Provided entries>
——

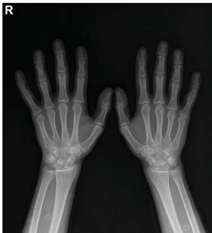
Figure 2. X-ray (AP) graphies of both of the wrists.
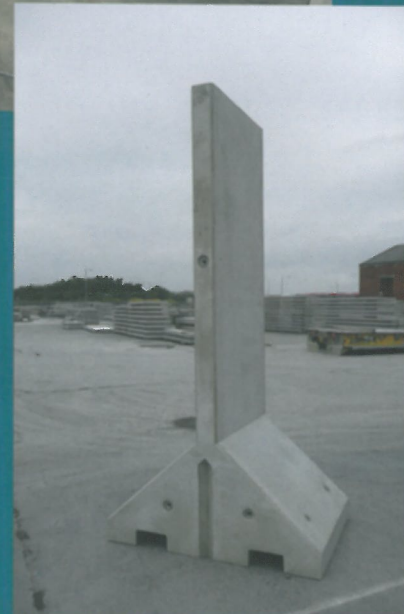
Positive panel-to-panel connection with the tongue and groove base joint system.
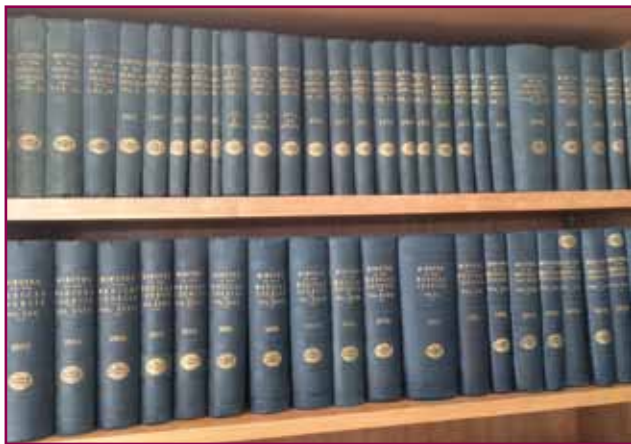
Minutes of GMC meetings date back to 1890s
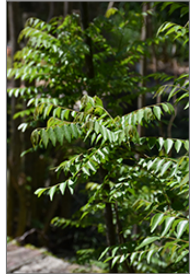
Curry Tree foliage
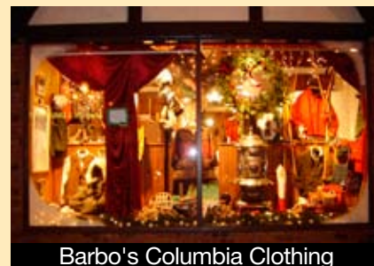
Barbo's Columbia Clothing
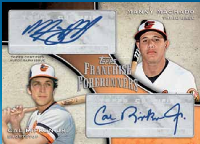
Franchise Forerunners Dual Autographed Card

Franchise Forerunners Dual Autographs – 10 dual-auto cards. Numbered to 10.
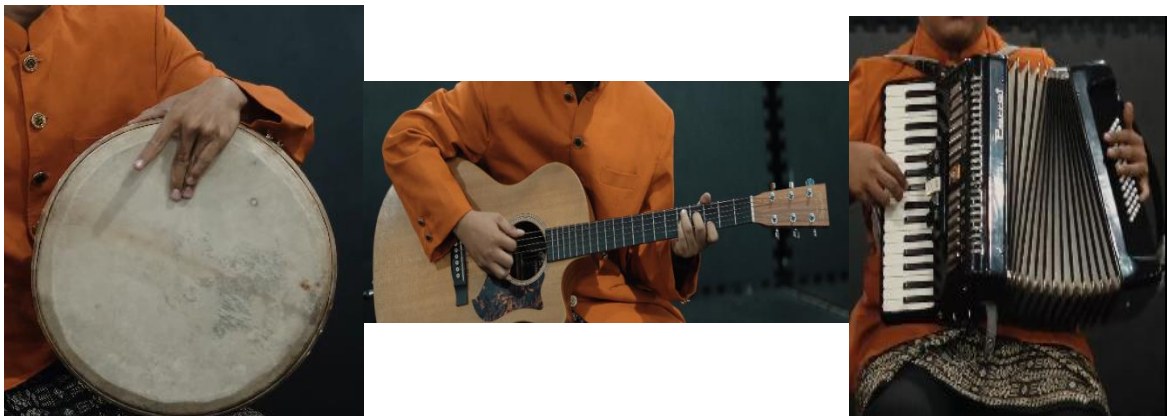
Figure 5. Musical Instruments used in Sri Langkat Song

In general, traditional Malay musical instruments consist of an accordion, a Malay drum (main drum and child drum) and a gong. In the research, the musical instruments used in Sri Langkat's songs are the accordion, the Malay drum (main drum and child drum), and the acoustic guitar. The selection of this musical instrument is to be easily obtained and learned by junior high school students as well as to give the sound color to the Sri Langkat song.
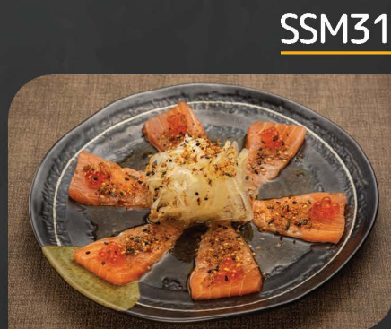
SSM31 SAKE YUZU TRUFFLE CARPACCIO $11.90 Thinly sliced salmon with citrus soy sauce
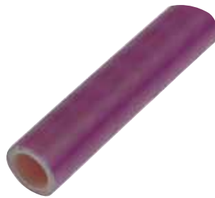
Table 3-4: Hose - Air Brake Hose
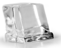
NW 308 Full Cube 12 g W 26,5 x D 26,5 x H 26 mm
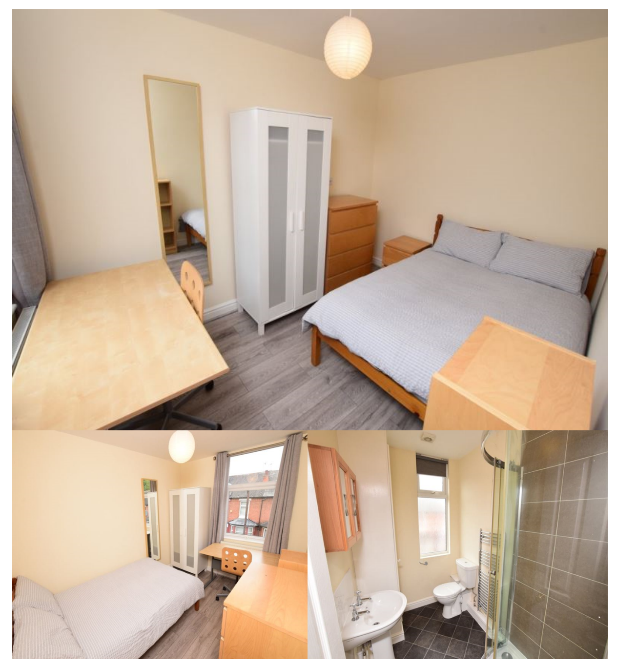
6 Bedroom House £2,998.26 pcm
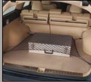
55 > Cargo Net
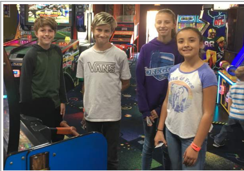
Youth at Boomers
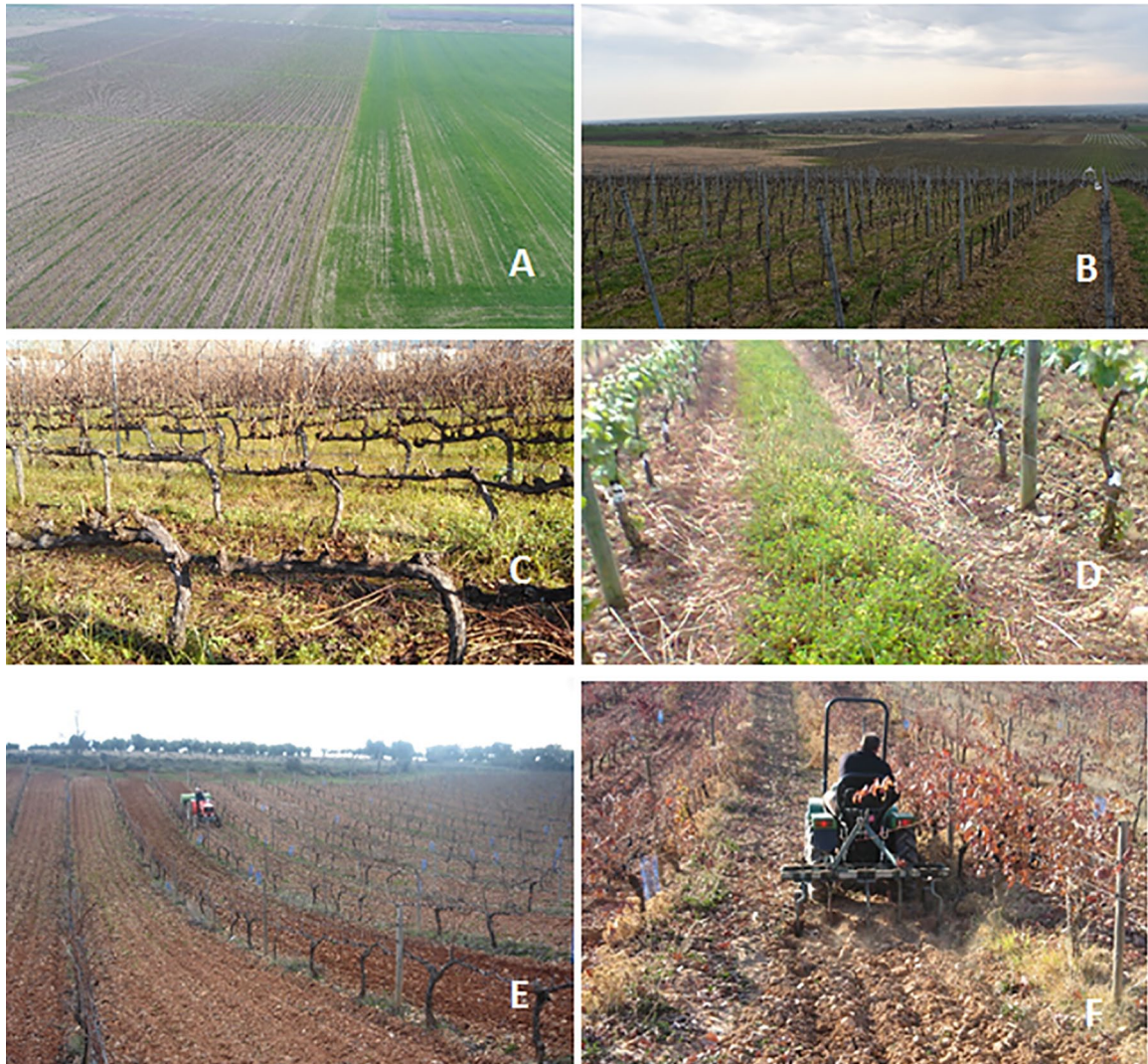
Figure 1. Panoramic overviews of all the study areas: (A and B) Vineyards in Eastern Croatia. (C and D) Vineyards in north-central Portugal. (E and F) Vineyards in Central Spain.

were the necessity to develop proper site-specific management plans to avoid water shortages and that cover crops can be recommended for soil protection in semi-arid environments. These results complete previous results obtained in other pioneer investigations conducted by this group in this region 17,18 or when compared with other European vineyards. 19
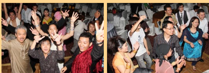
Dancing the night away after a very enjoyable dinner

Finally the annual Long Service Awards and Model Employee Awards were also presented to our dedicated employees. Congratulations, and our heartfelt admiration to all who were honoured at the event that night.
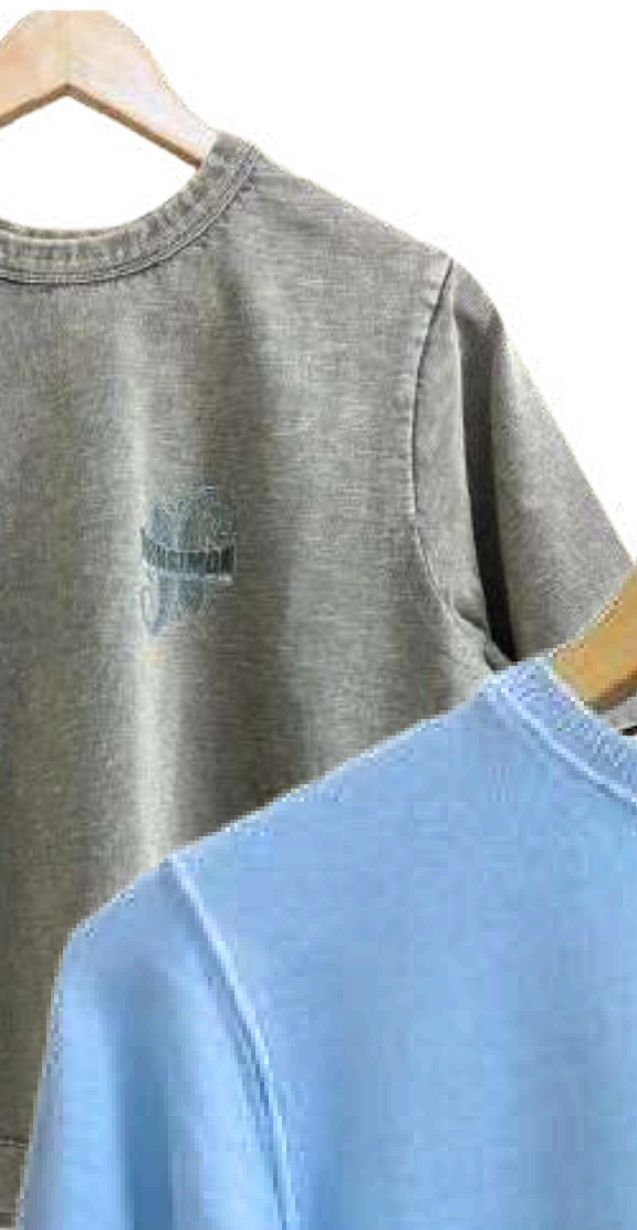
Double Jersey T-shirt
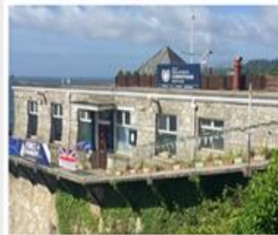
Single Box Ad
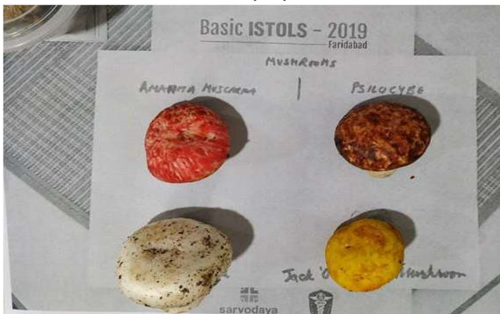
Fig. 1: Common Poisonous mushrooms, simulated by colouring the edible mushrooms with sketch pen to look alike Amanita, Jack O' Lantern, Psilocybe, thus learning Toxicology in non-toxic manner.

——

Work instructions>
Since the copy should hold text only, set down each record exactly and leave the pictures out.

The answer>
Figure 2. X-ray (AP) graphies of both of the wrists.
Positive panel-to-panel connection with the tongue and groove base joint system.
Minutes of GMC meetings date back to 1890s
Curry Tree foliage
Barbo's Columbia Clothing
Franchise Forerunners Dual Autographed Card

Franchise Forerunners Dual Autographs – 10 dual-auto cards. Numbered to 10.
Figure 5. Musical Instruments used in Sri Langkat Song

In general, traditional Malay musical instruments consist of an accordion, a Malay drum (main drum and child drum) and a gong. In the research, the musical instruments used in Sri Langkat's songs are the accordion, the Malay drum (main drum and child drum), and the acoustic guitar. The selection of this musical instrument is to be easily obtained and learned by junior high school students as well as to give the sound color to the Sri Langkat song.
SSM31 SAKE YUZU TRUFFLE CARPACCIO $11.90 Thinly sliced salmon with citrus soy sauce
Table 3-4: Hose - Air Brake Hose
NW 308 Full Cube 12 g W 26,5 x D 26,5 x H 26 mm
6 Bedroom House £2,998.26 pcm
55 > Cargo Net
Youth at Boomers
Figure 1. Panoramic overviews of all the study areas: (A and B) Vineyards in Eastern Croatia. (C and D) Vineyards in north-central Portugal. (E and F) Vineyards in Central Spain.

were the necessity to develop proper site-specific management plans to avoid water shortages and that cover crops can be recommended for soil protection in semi-arid environments. These results complete previous results obtained in other pioneer investigations conducted by this group in this region 17,18 or when compared with other European vineyards. 19
Dancing the night away after a very enjoyable dinner

Finally the annual Long Service Awards and Model Employee Awards were also presented to our dedicated employees. Congratulations, and our heartfelt admiration to all who were honoured at the event that night.
Double Jersey T-shirt
Single Box Ad
Fig. 1: Common Poisonous mushrooms, simulated by colouring the edible mushrooms with sketch pen to look alike Amanita, Jack O' Lantern, Psilocybe, thus learning Toxicology in non-toxic manner.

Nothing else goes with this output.